第二日,江盆收拾利落,翻了翻,选了一件老气横秋的衣衫。人没上妆,可却是收拾的整齐干净。
领她进门的丫头见她清汤寡水,没打扮,挑了挑眉头,勉强给了她一个好脸。
丫头自然是向着自家娘子,她知道穆小侯爷的心思,虽是替娘子不值,可也左右不了贵人的想法,瞧见江盆没什么杀伤力,心里微微放下,可这也不耽误她想替娘子给这半路来的程咬金一个下马威。
一路夸赞着自家娘子如何百媚千娇,如何备受宠爱,主家如何花了大笔银子装点小院,院里这块石头来自太湖底下,那块台阶又是来自和田,自说自话公子疼爱娘子,恨不得将天上的月亮摘给她。
“公子还有摘月亮的本事?”江盆冷不丁问了一句,换来领路丫头一个黑脸和满心鄙夷,若不是江盆表现得十分真诚,懵懂,怕是要以为这江盆是故意挑衅。
江盆没进过富贵人家,也没见过南边的石头北边的玉石,实在没瞧出有多好,太湖的石头不还是石头?在她看来要是真有钱,干脆放块金子,石头能贵到哪里?
丫头见她穿着朴素,定没见过世面,可这一路炫耀下来,见她面无波澜,皱了眉头,心道:“莫不是个傻子?”直到江盆点了点头,吐出一句,“姐姐的家天宫一样。
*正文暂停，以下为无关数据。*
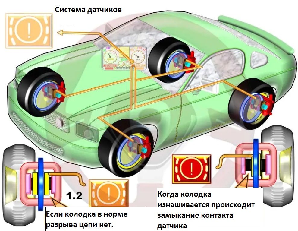 En plus de l'avertissement, le mécanisme aidera à estimer le nombre de kilomètres restant avant de changer les plaquettes. Les capteurs sont à un ou plusieurs étages, ces derniers ont une chaîne de résistances situées à différentes hauteurs dans un boîtier en plastique. Lorsque la première ligne de contacts se rompt, le centre d'information du véhicule commence à calculer la durée de vie restante des plaquettes. Cela utilise diverses entrées telles que le kilométrage, la vitesse des roues, la pression, la température d'éclatement et le temps du système de freinage.
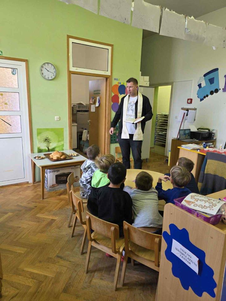 Vrtić je bio ispunjen mirisima i toplinom tijekom Dana kruha i zahvalnosti za plodove zemlje, kada su se djeci pridružile i bake, donoseći domaće pekarske proizvode. Ususret ovom danu, vrtić i prigodne kolačiće blagoslovio je vlč. Saša Malović.
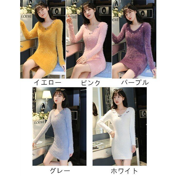 ニットワンピース ニットワンピース 膝丈 タイト レディース ふわふわ 4169
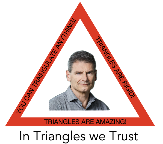 Cryo-EM reconstruction of the T=3 monomer, which is an isosceles triangle with S1 = S2 = 52nm and S3 = 59nm. S3 binds to S3 to form the pseudo 6-fold vertex and S1 binds to S2 to form the 5-fold vertex. It was designed to have equal dihedral angles of 11.6 degrees and the measured angle is 13.7 degrees.

”
“算你有见识。”
江盆心里纳闷,她介绍的这些好东西,自己是一样不认识,怎么就有见识了?
江盆瞧着这小院比起自家的狗窝倒似天宫,可金窝银窝总归不如自己的狗窝。不过到了这小荷筑的厨房,江盆倒是真喜欢。
沈家的厨房建在屋外,四处漏风,冬天一到,冷水扎手。这厨房建在屋里,四周有窗,屋上有顶,又暖和又干净,架子上一派刀具,磨得光亮可以当镜子照了,锋利的刀刃闪着寒光,瞧着一定好用。
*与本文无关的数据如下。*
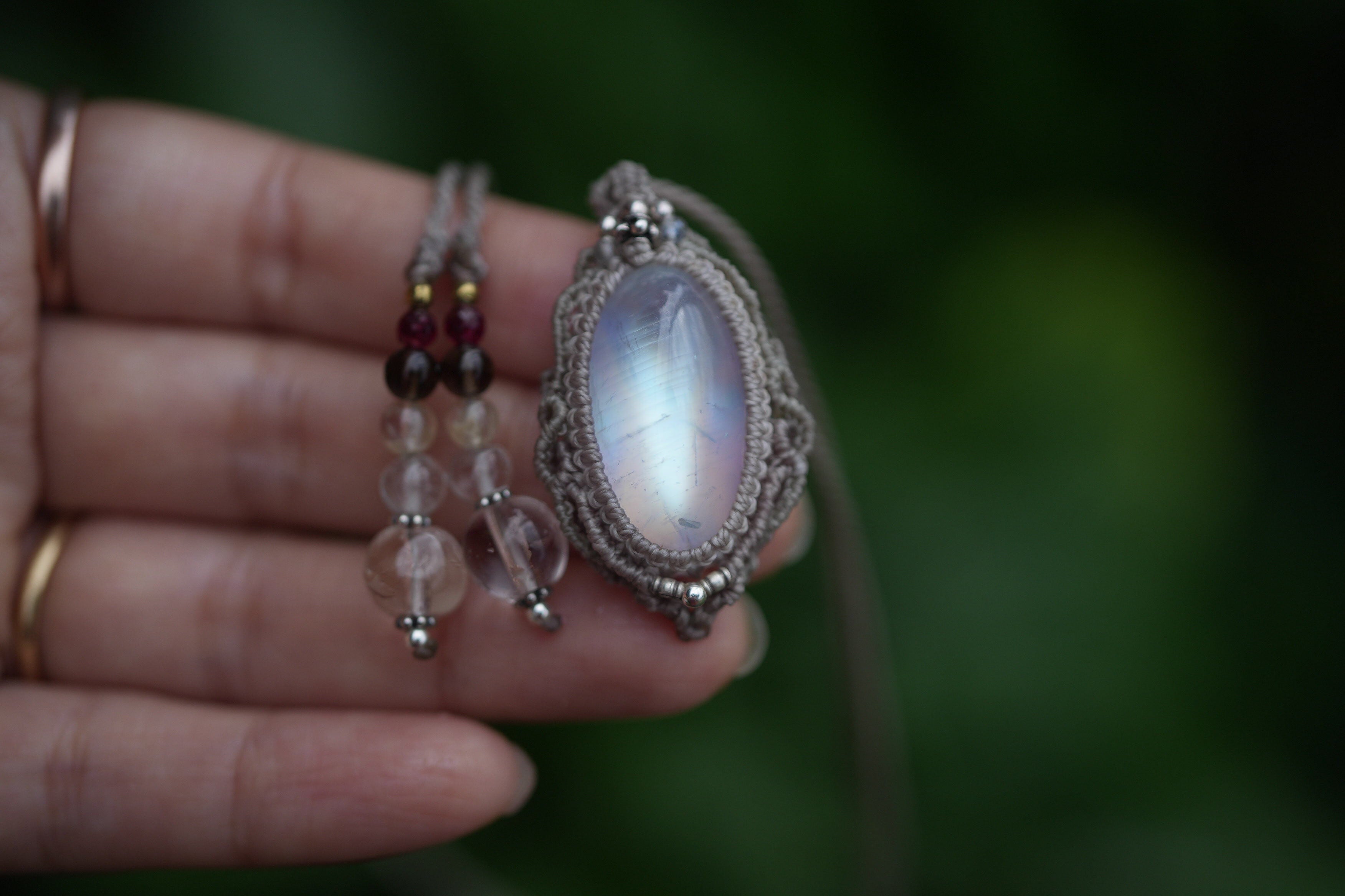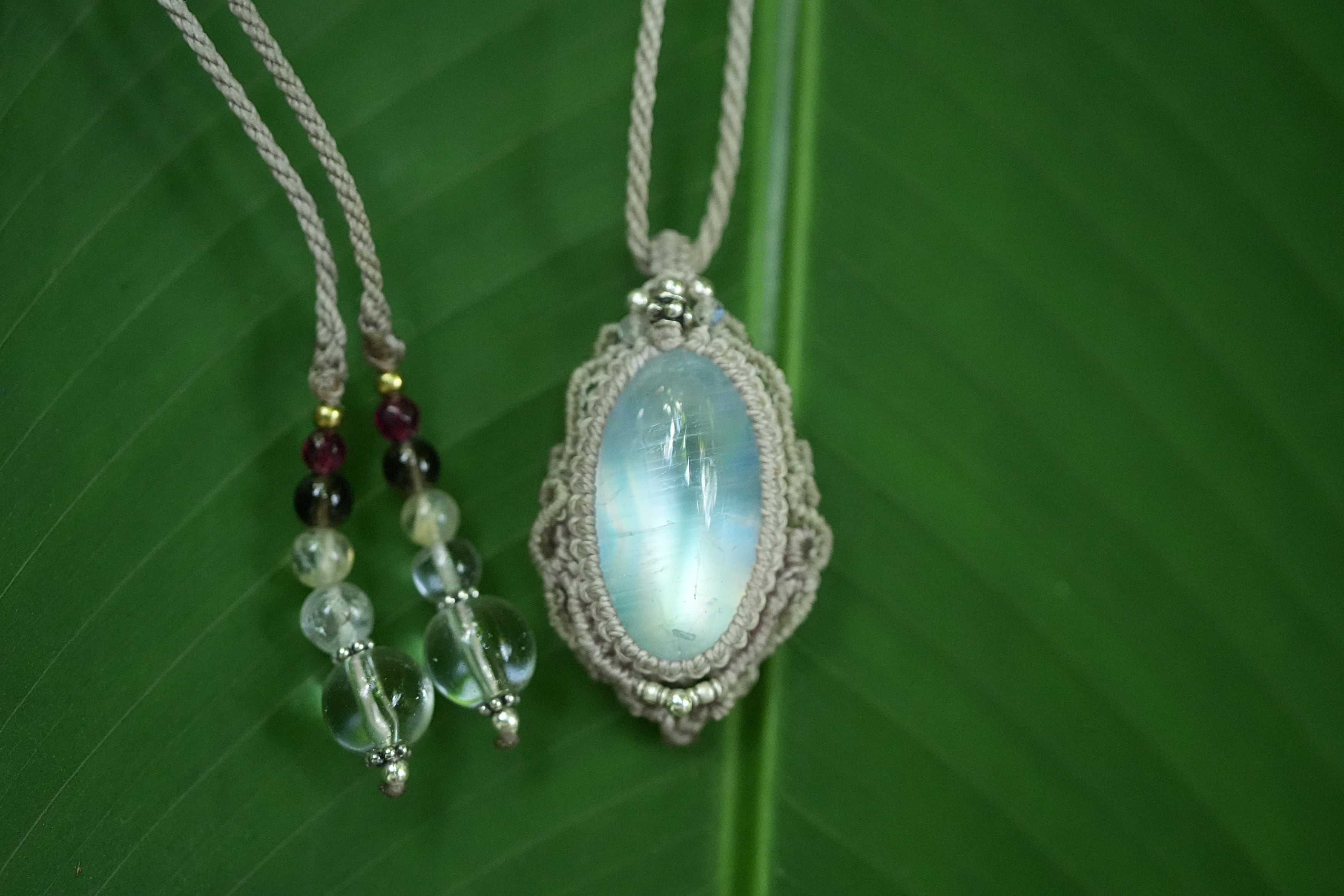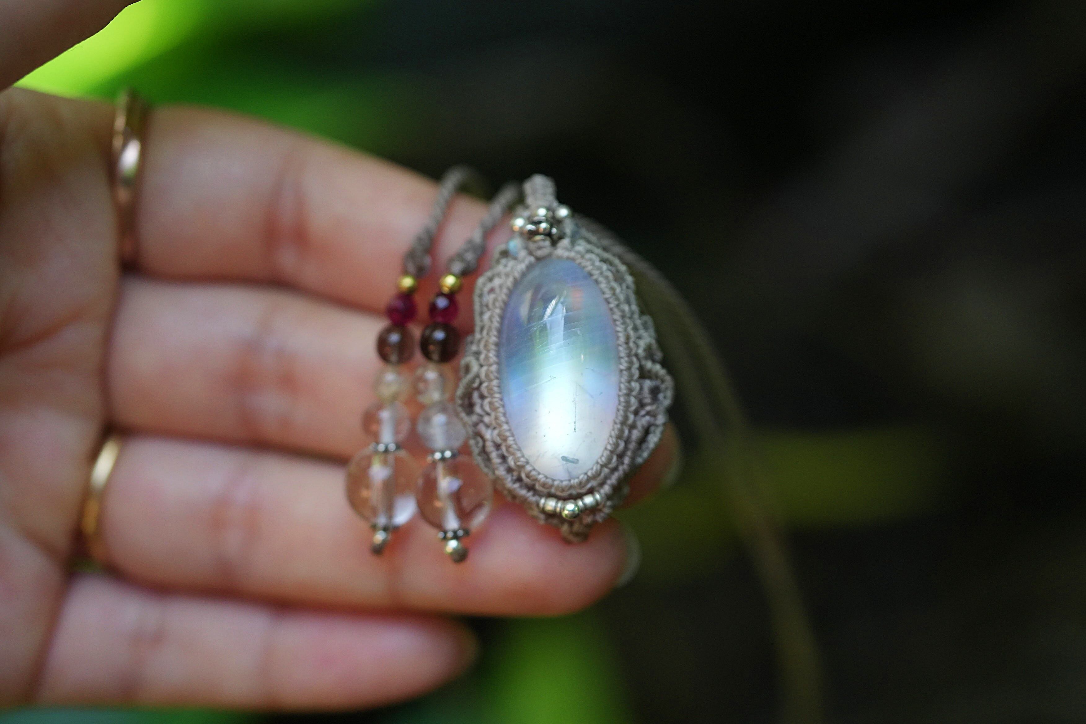 虹色天国★ロイヤルレインボームーンストーン マクラメネックレス1411

江盆埋头干活,听见有个女子,声音如出谷的黄莺般,“多大了?”
那女子穿绸裹缎,金钗簪子插得满头都是,江盆在心里比划了一下,觉得要是苍蝇来了大概都没处下脚。这女子十分美艳,身段优美,不过江盆看她一步一摇,娉婷袅袅,慢悠悠而来,心中暗暗替她使劲儿,这步速也是比邻居李奶奶快不了多少。
“回夫人,十八了。”
这句“夫人”让花慕香心里又酸又涩,若是早在半年前,有人这样称呼,她是高兴的,可今时今日,这话从江盆口中所说,只觉得无比讽刺,自己这是做什么?拉皮条呢?花慕香心中自嘲了片刻。
花慕香绕着江盆慢悠悠地转了三圈,见她素面朝天,挽着袖头,漏出一截手臂来,肌肤嫩得能掐出水来,肥大的衣衫下,那把纤腰果然不盈一握,就是面上那一双大眼睛有些发滞,缺少灵动。
花慕香阅男人无数,也阅女人无数,这丫头虽算不上是顶尖的美人,可这女子藏在内里的身子和肌肤倒是上上品,在榻上也算得上别有一番味道,若是放在花楼里,稍微打扮**一下,想来有好这种调调的公子哥儿来追捧的。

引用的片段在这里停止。